GR Je crois que oui. Au cours des dernières années, plusieurs études ont attesté que 60 % des jeunes sont intéressés à vivre en région. Pour que cela se traduise dans les faits par des installations en région, il faut toutefois que des mesures « facilitantes » soient mises en place. Il n'y a aucun jeune qui, du jour au lendemain, va libérer son logement en ville, puis quitter son emploi pour tenter sa chance s'il n'y a rien qui l'attend en région. Ce qu'il faut, c'est d'offrir aux jeunes une occasion sans trop d'engagement, comme on le fait présentement avec nos séjours exploratoires.


QM Pouvez-vous nous donner des exemples concrets de réussite?

GR Je pourrais vous en citer plusieurs. L'an dernier, l'initiative Des Romains chez les Gaulois a permis à de jeunes urbains et de jeunes immigrants de vivre une immersion de six mois au Saguenay-Lac-Saint-Jean. Cela a très bien marché de sorte qu'aujourd'hui, des jeunes originaires de Montréal et du Maroc sont devenus des « bleuets d'adoption ».


QM Jusqu'à quel point l'exode des jeunes représente-t-il un enjeu préoccupant pour les régions du Québec?

GR C'est vraiment très préoccupant. Parmi les jeunes qui partent, c'est vrai qu'il y en a qui reviennent. Malheureusement, ils ne le font pas en nombre suffisant, ce qui a des impacts importants. Actuellement, il y a même des entreprises qui remettent en question des agrandissements en région parce qu'elles n'arrivent pas à trouver les ressources dont elles ont besoin pour combler des emplois.


QM Pour une région, quelles sont les conséquences liées au fait de perdre ses jeunes?

GR J'aimerais que l'on puisse calculer ce que coûte socialement un départ, puis ce que vaut un retour. Je pense, par exemple, à des situations où la population ne justifie plus la desserte de certains services, comme un CLSC, une école ou encore la présence d'une institution financière. Il ne faut pas oublier que tout cela a un effet d'entraînement. Quand des jeunes s'installent en ville, il n'est pas rare de voir les parents les suivre peu de temps après.

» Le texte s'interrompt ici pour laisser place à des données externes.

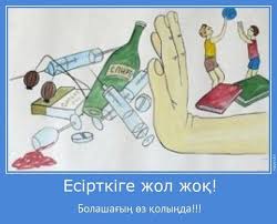 Ұстаздарымыз және ата-аналарымыз біздің жаман әдетке бой алдырмауымыз үшін есірткінің салдары туралы үнемі айтып отырады, оның опа бермейтіні туралы ұқтырып, нақты мысалдар келтіріп отырады. Бос уақытымызды қалай, кіммен өткізетінімізді ата-аналарымыз назардан тыс қалдырмай бақылауда ұстайды. Мектебімізде ұстаздарымыз және медбике апайларымыздың ұйымдастыруымен үнемі нашақорлыққа қарсы іс-шаралар, акциялар тәрбие сағаттар өткізіліп, нашақорлық туралы сауалнамалар алынып отырады. «Спорт –денсаулық кепілі» дейді, салауатты өмір салтын ұстанған адамның зиянды әрекетке ешқашан бариайтыны анық. Сонымен қатар мектебімізде уақытымызды тиімді пайдалануға, салауатты өмір салтын қалыптастыруға бағытталған спорттық іс-шаралар сайыстар ұйымдастырылып отырады.Өмір» атты кемеде тұңғиыққа батпай, шексіз- ғарыш кеңістігінде бізге аманат еткен тәуелсіз мемлекетіміздің алтын кілтін жоғалтпай, көк туын көкке қарай биік көтерейік, достар!“ «Өсер елдің баласына лайық салмақты, сабырлы, білімді, жат қылықтан аулақ, елдің ертеңгі азаматы болып өсе берейік!» дегім келеді.
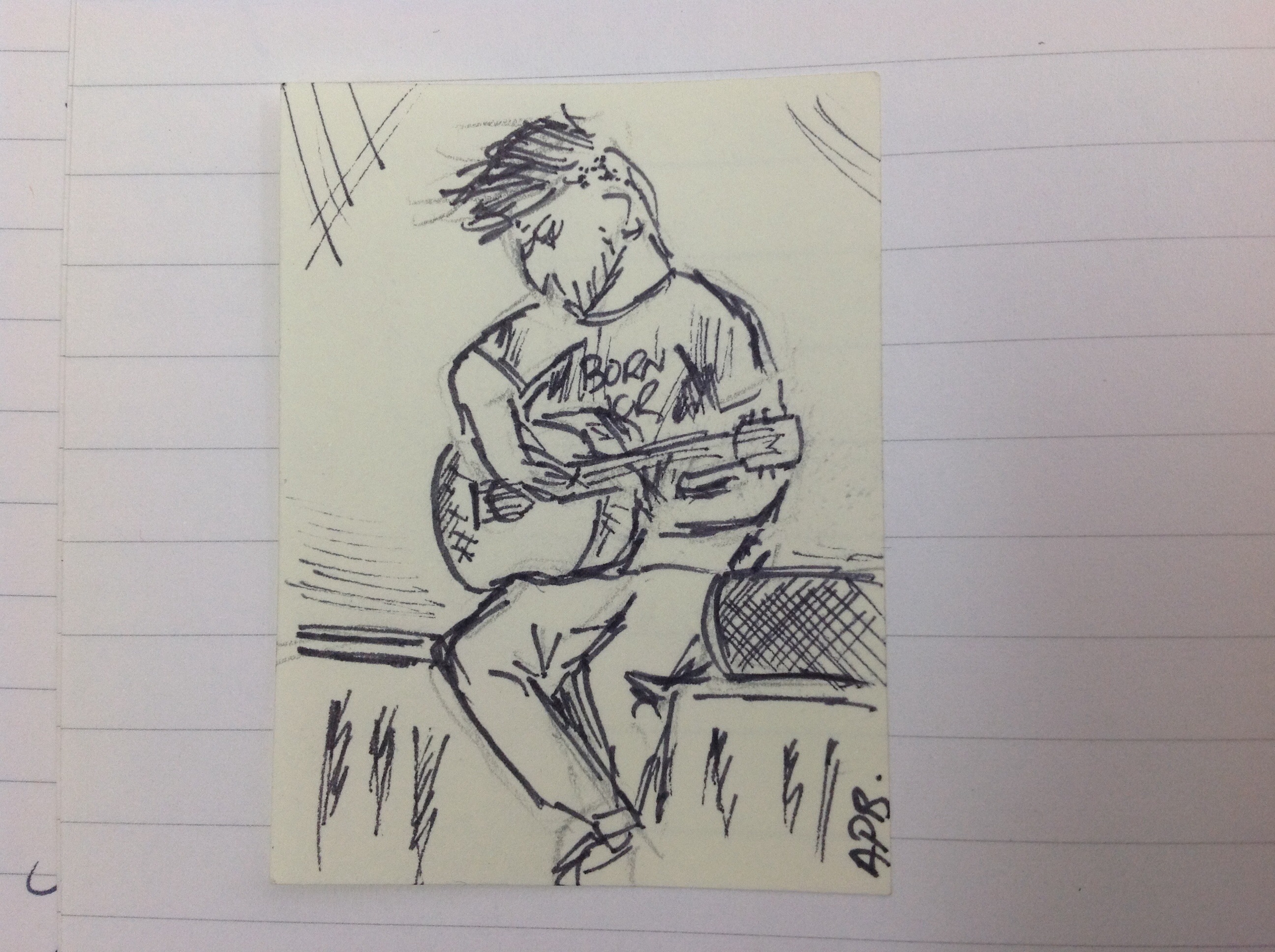 Unperturbed, I took my pencil and pen to band practice and sketched one of the guitarists during set up and sound check. The proportion is wrong, but it’s not bad.

QM La situation tend-t-elle à s'améliorer ou à se détériorer ces dernières années?

GR Les choses semblent s'améliorer depuis les quatre dernières années et j'aime croire que nos interventions y sont pour quelque chose. Je regarde, par exemple, la MRC de Rouyn-Noranda qui affiche maintenant un solde migratoire positif pour la tranche d'âge de 15 à 34 (gain de 0,38 % en 2004-2005). Ce résultat ne me surprend pas, car il s'agit d'un endroit où l'on retrouve une grande concertation entre les acteurs du milieu.


QM Quel rôle les élus municipaux peuvent-ils jouer pour aider à contrer l'exode des jeunes?

GR Le palier municipal est certainement le niveau de gouvernement le plus près des gens. En conséquence, c'est celui qui est le plus susceptible de constater les effets du départ des jeunes et les bénéfices liés à leur retour. Préparons leur simplement le terrain et ils prendront leur place! C'est important, car les élus sont certainement les mieux placés pour mobiliser leur population autour de projets visant le retour, l'établissement et le maintien des jeunes en région.